Transport Layer Security (TLS)

TLS protocols are an update of SSL. TLS protects content from eavesdropping, tampering, and forgery. It encrypts email during transit to keep third parties from accessing it. Then, the server decrypts the email upon arrival at its destination. This method keeps your recipient from having to authenticate themselves to read the message. 

End-to-End Encryption (EE2E)

EE2E is the most state-of-the-art encryption level on the market today. Financial institutions often use this military-grade encryption to protect the most sensitive information. EE2E protects email correspondence by scrambling the content so only authorized users can read it.

This type of encryption encrypts the data immediately after you hit send, during transit, and upon delivery.
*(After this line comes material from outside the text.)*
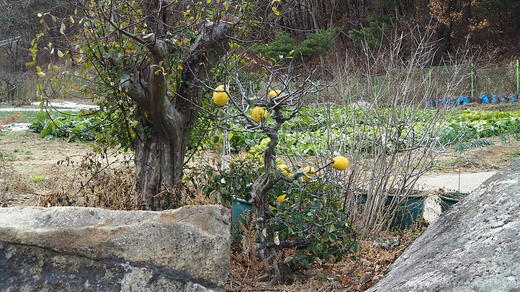 어느 집 앞의 분재 같은 모과나무를 구경합니다.

Authorized users can only decrypt the encrypted content when it is successfully delivered from the server.

How Sekur Can Take Your Email Privacy to the Next Level

If your business deals with private documents and sensitive files, you need email privacy protection. Your email security is a priority here at Sekur. We offer encrypted, Swiss-hosted email, VPN, and instant messaging on a 100% private platform.
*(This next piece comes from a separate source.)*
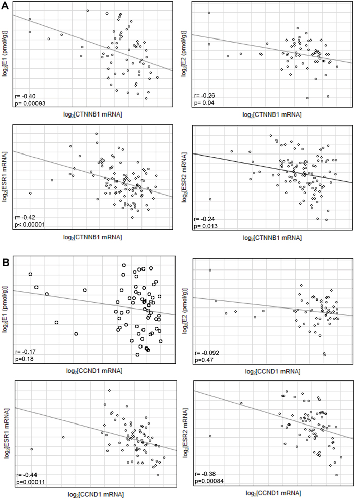 Figure 5: Correlation of estrogen concentration (E1/E2) or estrogen receptor transcript level (ESR1/ESR2) with CTNNB1 (A) and CCND1 transcript level (B) from cancerous tissues of CRC patients.

With SekurMail you can send encrypted emails outside of Sekur and get replies within the secure environment. You can send unlimited-size attachments and use our easy email migration tool to help you to transfer your existing emails to our safe server.

Our VPN keeps you anonymous online with a Swiss IP address, and we offer military-grade, end-to-end encryption that gives your peace of mind. Since this is a 100% company-owned infrastructure, you don’t have to worry about data mining or big tech companies.

We offer private communications that are easy to use for both businesses and individuals.


Email privacy protection is an essential part of safeguarding your business and personal correspondence. Appl Mail Privacy Protection gives you a solid layer of protection against eavesdroppers and marketing spy pixels. Enabling this feature is easy and simple if you use Apple devices for your email.

If you don’t use Apple or are looking for additional email privacy protection, you may want to shop around. The best email client will offer you end-to-end encryption that protects your files, attachments, and email content fully.

Whether you are sending emails privately or from your office, you want to know that your email client is protecting your data with innovative encryption and privacy practices.